Robust Resource Allocation with Joint Carrier Aggregation for Multi-Carrier Cellular Networks

TL;DR

This paper introduces a robust, utility-based resource allocation algorithm for multi-carrier cellular networks that ensures fair, optimal distribution of resources among users with different traffic types, adapting to traffic conditions.

Contribution

It proposes a novel, distributed algorithm for joint carrier aggregation that prevents resource allocation fluctuations and guarantees minimum QoS based on application type.

Findings

Algorithm prevents fluctuations in resource allocation.

Provides traffic-dependent pricing for network providers.

Achieves optimal rates for users in various traffic scenarios.

Abstract

In this paper, we present a novel approach for robust optimal resource allocation with joint carrier aggregation to allocate multiple carriers resources optimally among users with elastic and inelastic traffic in cellular networks. We use utility proportional fairness allocation policy, where the fairness among users is in utility percentage of the application running on the user equipment (UE).
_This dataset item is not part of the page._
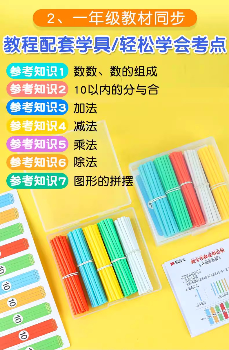 晨光计数棒100根一年级算术幼儿园学具教具 颜色认知加减图形认知

Each UE is assigned an application utility function based on the type of its application. Our objective is to allocate multiple carriers resources optimally among users subscribing for mobile services. In addition, each user is guaranteed a minimum quality of service (QoS) that varies based on the user's application type. We present a robust algorithm that solves the drawback in the algorithm presented in [1] by preventing the fluctuations in the resource allocation process, in the case of scarce resources, and allocates optimal rates for both high-traffic and low-traffic situations. Our distributed resource allocation algorithm allocates an optimal rate to each user from all carriers in its range while providing the minimum price for the allocated rate. In addition, we analyze the convergence of the algorithm with different network traffic densities and show that our algorithm provides traffic dependent pricing for network providers. Finally, we present simulation results for the performance of our resource allocation algorithm.